Меня всегда живо интересовало мамино чикагское детство, но она мало что рассказывала. Уверяла, будто бы толком ничего не помнит. На все свои вопросы – каково это, не соблюдать кошер и субботу, ходить в обычную государственную школу, – вместо разумных ответов я получал нагоняи, в основном от отца: помалкивай о том, что мать баалат-тшува, то есть неофитка. Мать утверждала, что настоящая ее жизнь началась только с моим отцом. После свадьбы она получила диплом магистра в Тичерс-колледже[11] – редкость среди матерей моих знакомых. Она вела занятия у четвертых классов “Тора Тмима” и сама видела, как скверно учат в нашей ешиве.

 

– Арье, – сказала она в пятом классе, когда выяснилось, что мой учитель воспринимает обязательный список художественной литературы как личное оскорбление, – расширять свой кругозор – это нормально.

Каждый день после уроков мы с мамой шли в библиотеку Боро-Парка[12]. Я поглощал книги, которые она предлагала, – “Убить пересмешника”, “Приключения Тома Сойера”, “Цветы для Элджернона”, “Излом времени”[13]. Вскоре я после школы в одиночку ехал в библиотеку на велосипеде и устраивался в уголке; библиотекарь, миссис Сандерс, с ангельски-серебристыми волосами и кошачьими глазами, оставляла мне стопки “обязательных” книг. “Их никто не читает, – говорила она. «Ночь»[14]. «Смерть коммивояжера»[15]. – Наверстывай за всех”. Эмили Дикинсон как-то написала, что ее отец читал “одинокие и строгие книги”. Вот и я превратился в задумчивого подростка, вечно окруженного одинокими строгими книгами.

Так я получил хоть какое-то подобие образования. На уроках английского я всегда выделялся – пусть потому лишь, что пугающее число моих одноклассников были почти неграмотны. Их родители довольствовались тем, чему нас умудрялись научить в школе (то есть на удивление малым), они вообще предпочли бы, чтобы их отпрыски занимались исключительно Талмудом.

– Что ты делаешь в библиотеке? – спрашивал мой друг Шимон. У него были до смешного длинные пейсы, которые он оборачивал дважды вокруг ушей, и доброе тонкое лицо, неизменно покрытое прыщами; рубашка его представляла собой мозаику клякс от обеденного кетчупа и пятен грязи от возни на перемене. – У тебя там какой-то шиур?[16]

– Думаешь, в библиотеке учат Гемару?[17]

– Угу.

Я покачал головой.

– А что тогда?

– Там книги, Шимон.

– Сфарим[18], что ли?

– Нет, – ответил я. – Настоящие книги.
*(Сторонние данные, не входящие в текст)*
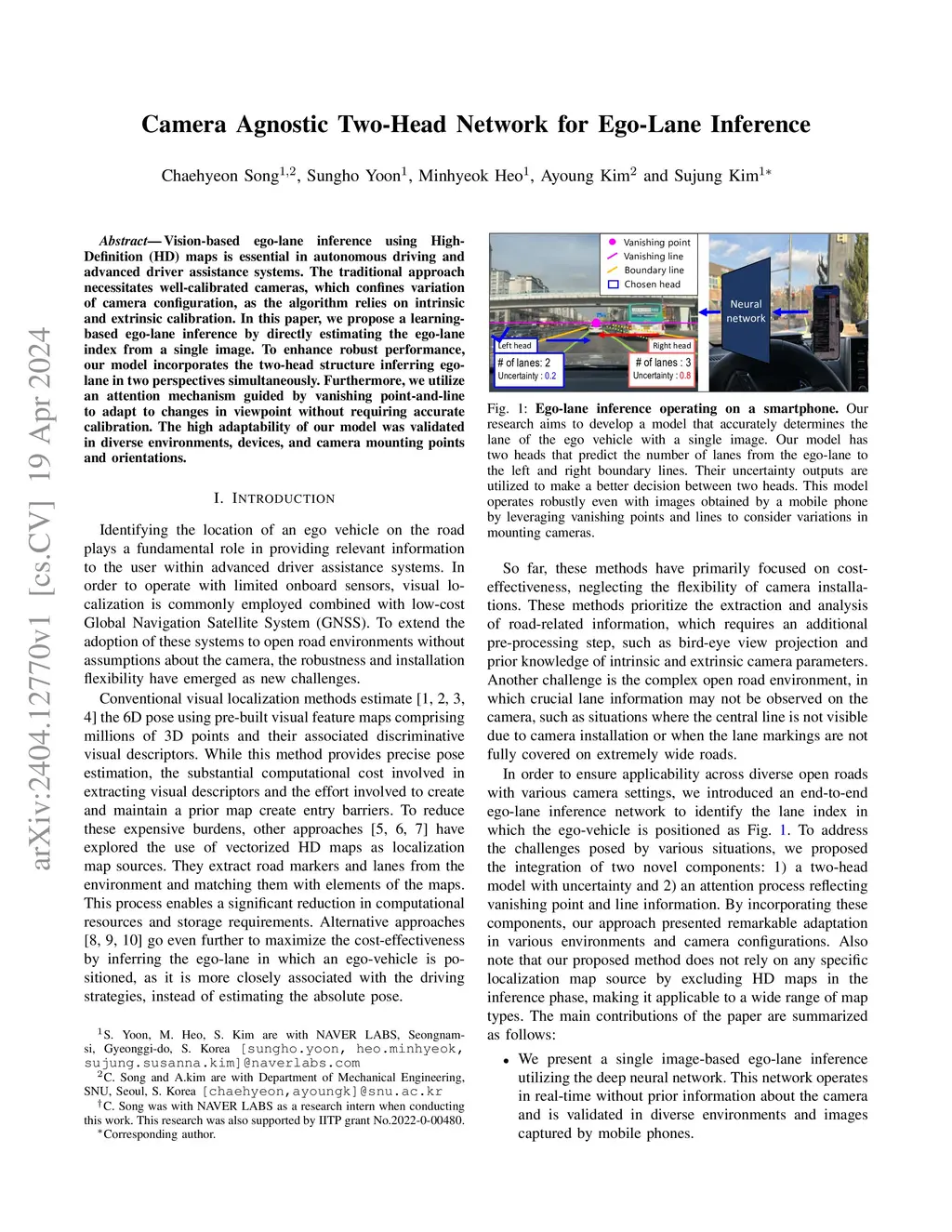 Camera Agnostic Two-Head Network for Ego-Lane Inference

Хочешь со мной?

Он нахмурился:

– Мне нельзя.

– Почему?

– Отец говорит, такие вещи пятнают нешаму[19].

* * *

Я люблю одно стихотворение Джейн Кеньон. Три строфы, десять строк, довольно грустное. Называется “В доме престарелых”, старение в нем уподоблено дикой лошади, которая пасется на привязи и день ото дня сужает круги, так что в конце концов они исчезают вовсе. В отрочестве мне казалось, что оно очень точно описывает удушье моего детства, нехоженую пустоту сжимающихся кругов, в которой я обитал. Порой мне представлялось, что я совсем один, вне мира, ни с кем и ни с чем не связан, точно незримые помочи, соединяющие человека с его окружением, в моем случае ослабли. Я ни с кем не был связан, приучился карабкаться по сжимающейся действительности без крюков и веревки. Мне оставалось лишь вглядываться в надвигающийся мрак и терпеливо ждать в одиночестве, словно лошадь у Кеньон, когда какая-нибудь сила, любая сила, заберет меня и перенесет в мою настоящую жизнь.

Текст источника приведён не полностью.